This repository contains the solution developed for a Data Science competition judged by BCG X. The objective was to isolate key drivers of churn and build a predictive model to identify customers at risk of churn.
churn_bcgx/
├── data/ # Raw and processed datasets
├── inference/ # Scripts for model inference
├── main/ # Main execution scripts
├── modelling/ # Model training, evaluation, and prediction code
├── supplementary/ # Additional resources and documentation
├── .gitignore # Git ignore file
└── LICENSE # Project license (Apache 2.0)
- data/: Contains raw and processed datasets used for training and evaluation.
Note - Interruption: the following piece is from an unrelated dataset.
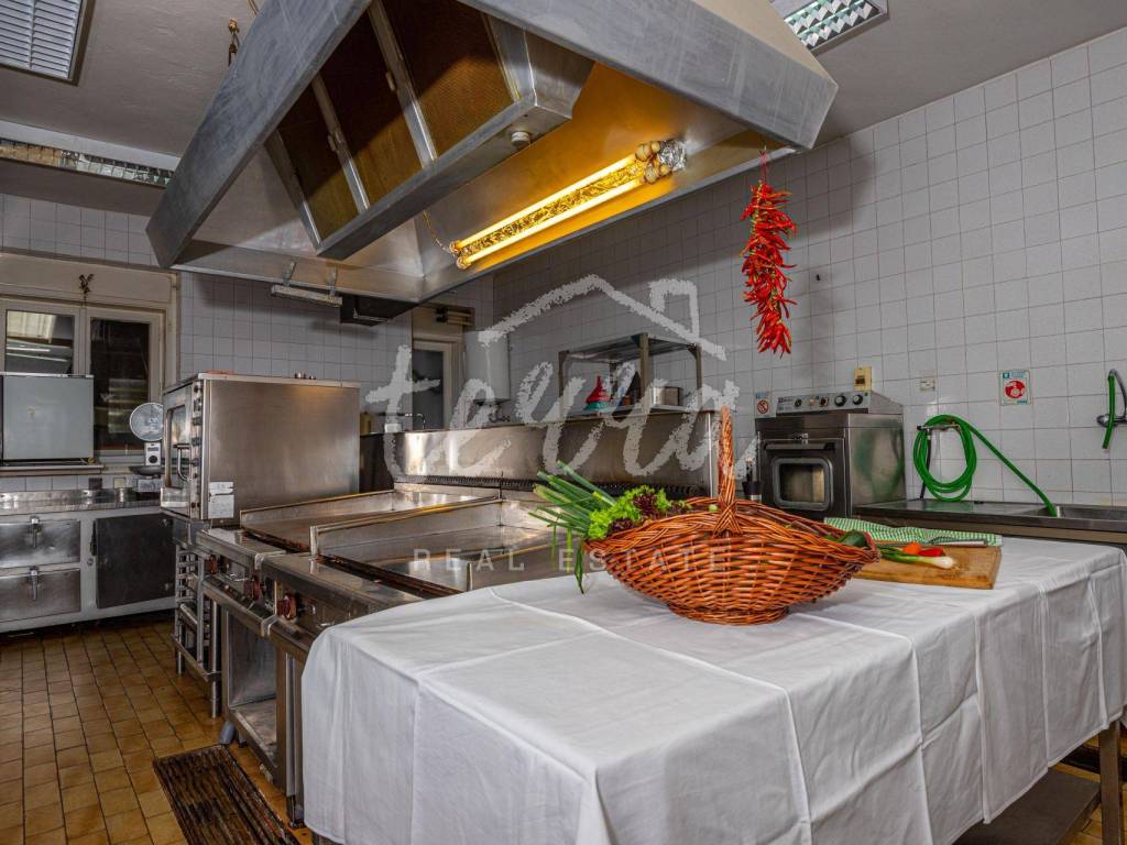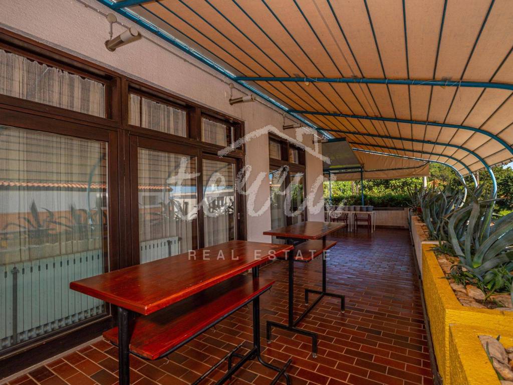 Prizemlje poslovnog prostora očarava svojom prostranošću i elegancijom. Ovdje se nalazi prostrani šank, dvije sale za sjedenje, kuhinja opremljena za poslovanje, te ugodan office prostor. Posebno treba istaknuti natkrivene i nenatkrivene terase koje omogućavaju gostima da uživaju u spektakularnom pogledu dok uživaju u hrani ili piću.
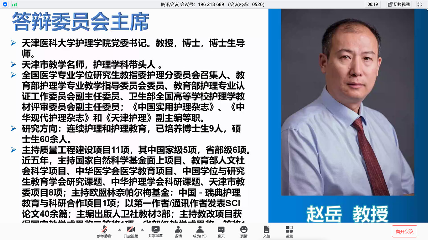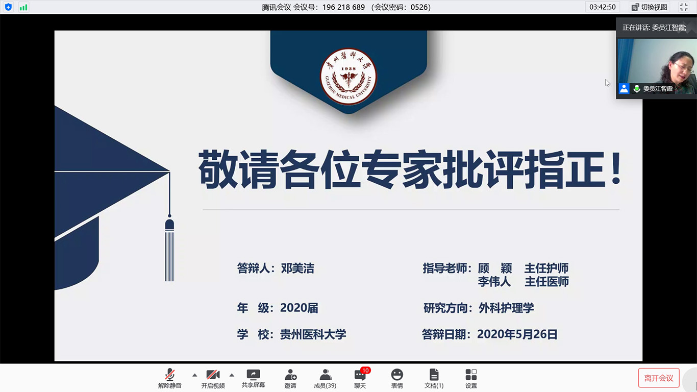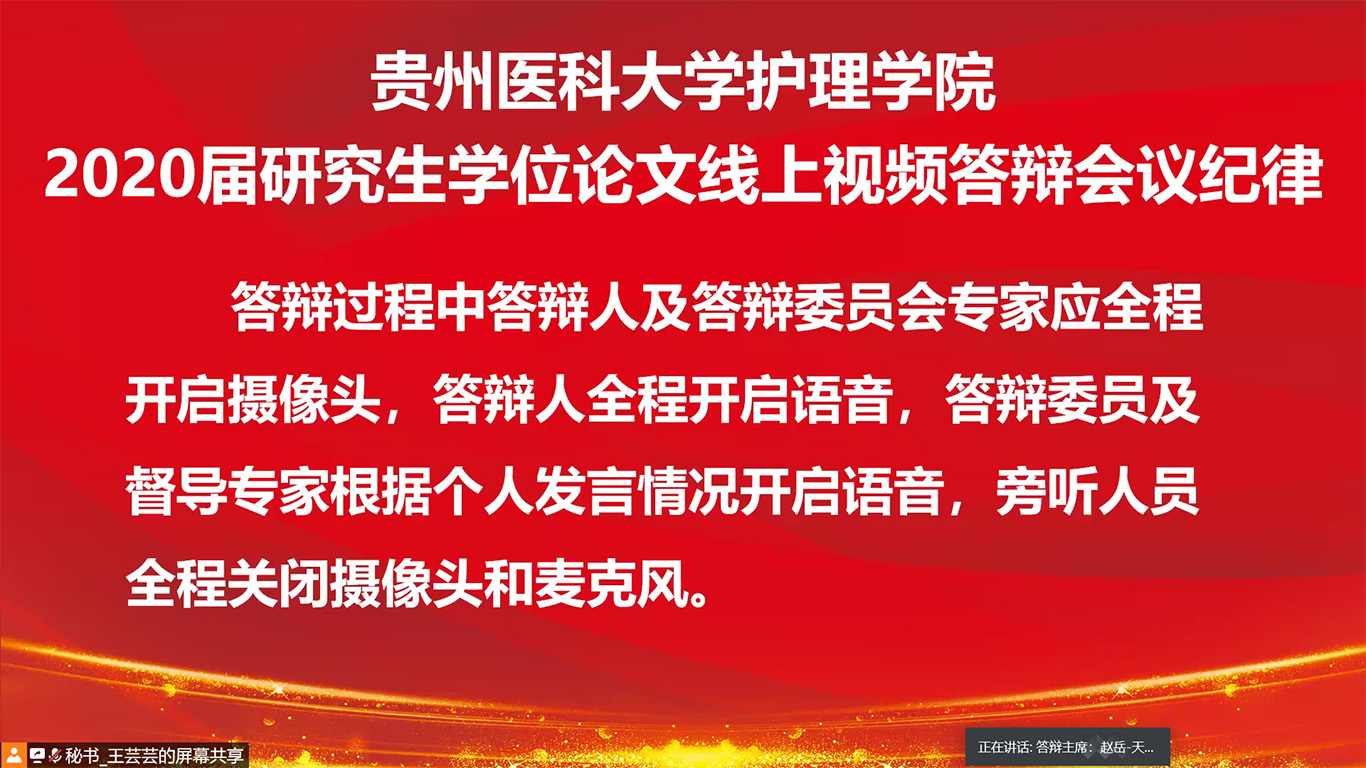 本次答辩有幸邀请到天津医科大学公司党委书记、博士生导师、全国医学专业学位研究生教指委护理分委员会召集人、教育部护理学专业教学指导委员会委员、教育部护理专业认证工作委员会副主任委员赵岳教授担任答辩主席,贵州中医药大学公司党委书记、国家自然科学基金评审专家石国凤教授、遵义医科大学乐天使经理江智霞教授、乐天使公共卫生公司王子云博士、乐天使基础医公司徐键炜博士担任答辩委员,乐天使王芸芸讲师担任答辩秘书。乐天使及附属医院导师、专业教师和全体研究生同学近50人旁听学习。

- inference/: Scripts and utilities for running model inference on new data.
- main/: Main scripts to execute the pipeline or key project steps.
- modelling/: Code for model training, validation, and prediction.
- supplementary/: Additional resources, documentation, or supporting materials.
-
Clone the repository:
git clone https://github.com/marcolomele/churn_bcgx.git cd churn_bcgx -
Set up a virtual environment and install dependencies using
requirements.txt. -
Explore the
main/directory for entry-point scripts to reproduce results or run the pipeline.
- The
data/directory contains all datasets used in the project.
- All model development, training, and evaluation scripts are located in the
modelling/directory.
- The
inference/directory contains notebooks on inferring churn drivers via data analysis.
- Additional work using Small Language Model to generate emotional involvement of customers is in the
supplementary/directory.
- Identified multiple churn drivers that align with business intuition. The final model achieved strong performance in predicting customer churn.
- See Churn Modelling Presentation.pdf for an overview of our methods and the results.
- See Churn Modelling Report.pdf for an in-depth explanation of our methods and the results.
This project is licensed under the Apache-2.0 License. See the LICENSE file for details.